* [Task details]: In the data below, set down exactly the lines from the one containing "Lots of designer" up to and including the one containing "与其他游乐园不同的是,这里的". Leave the pictures out.
** Opening Available data block **
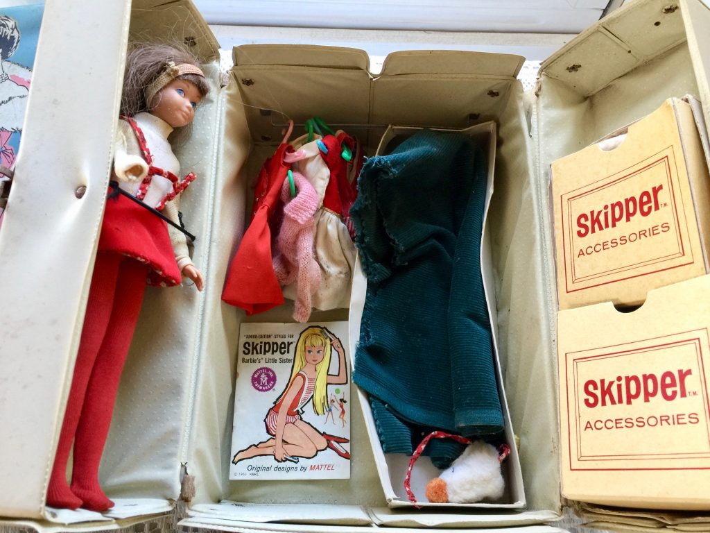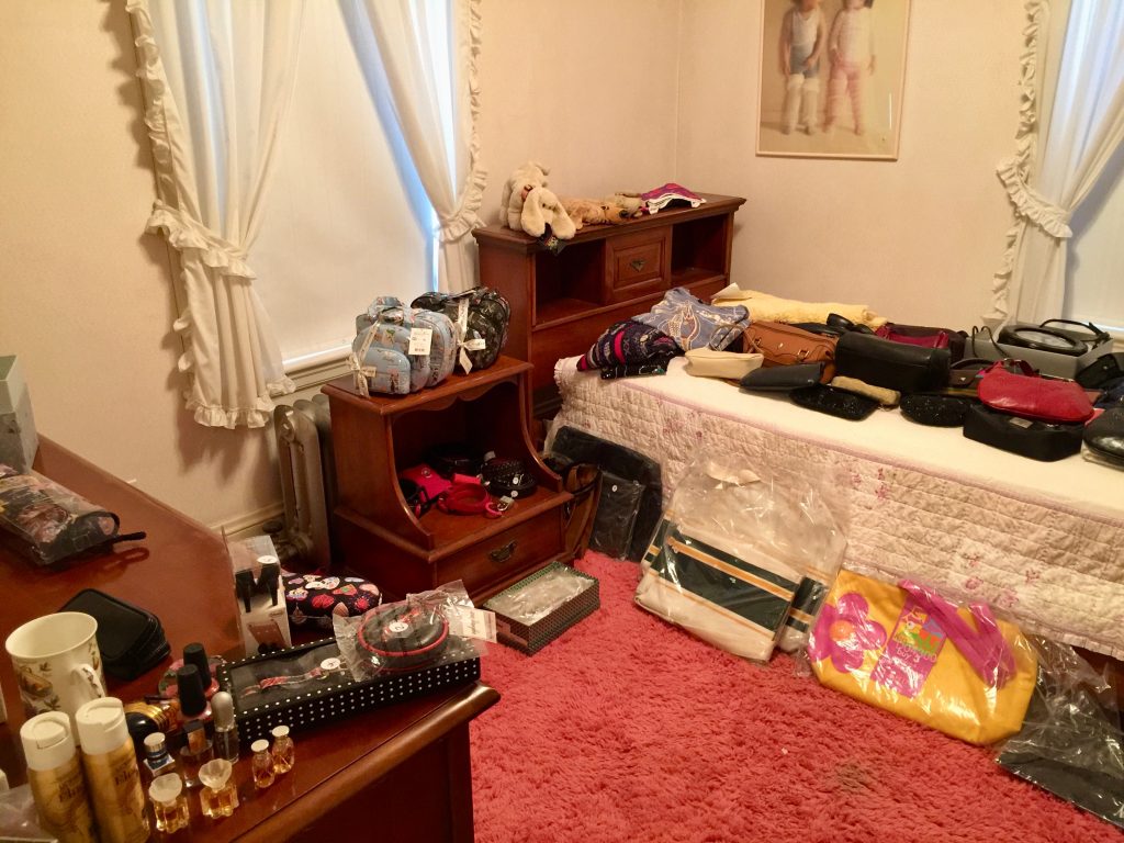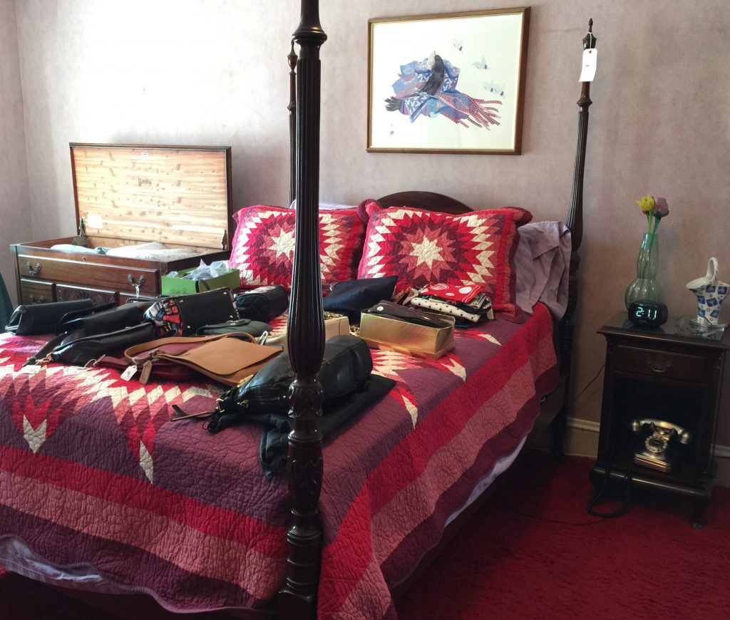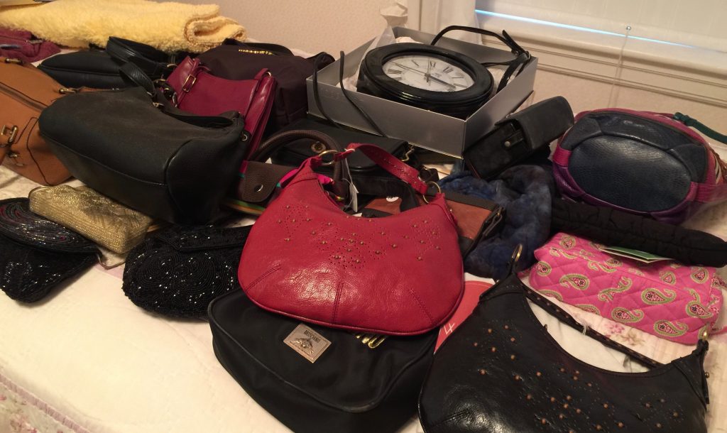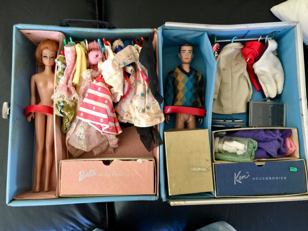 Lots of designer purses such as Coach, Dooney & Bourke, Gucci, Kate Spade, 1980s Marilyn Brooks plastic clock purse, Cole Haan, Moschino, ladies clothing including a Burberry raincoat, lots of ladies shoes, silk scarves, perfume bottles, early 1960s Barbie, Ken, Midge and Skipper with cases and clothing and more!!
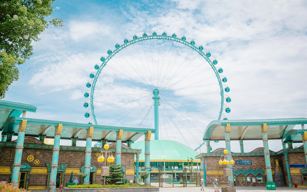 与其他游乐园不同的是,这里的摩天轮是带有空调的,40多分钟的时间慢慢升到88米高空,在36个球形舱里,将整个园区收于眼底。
** Closing Available data block **
** Opening Available data block **
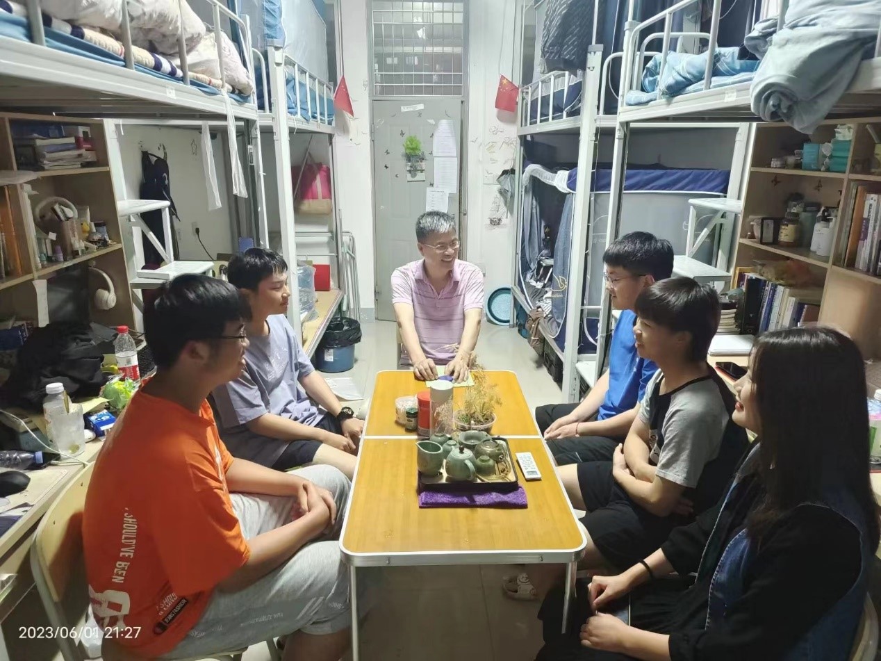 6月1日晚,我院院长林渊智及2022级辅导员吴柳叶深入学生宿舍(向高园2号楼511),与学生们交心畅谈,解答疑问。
** Closing Available data block **
* [Written solution]:
 Lots of designer purses such as Coach, Dooney & Bourke, Gucci, Kate Spade, 1980s Marilyn Brooks plastic clock purse, Cole Haan, Moschino, ladies clothing including a Burberry raincoat, lots of ladies shoes, silk scarves, perfume bottles, early 1960s Barbie, Ken, Midge and Skipper with cases and clothing and more!!
 与其他游乐园不同的是,这里的摩天轮是带有空调的,40多分钟的时间慢慢升到88米高空,在36个球形舱里,将整个园区收于眼底。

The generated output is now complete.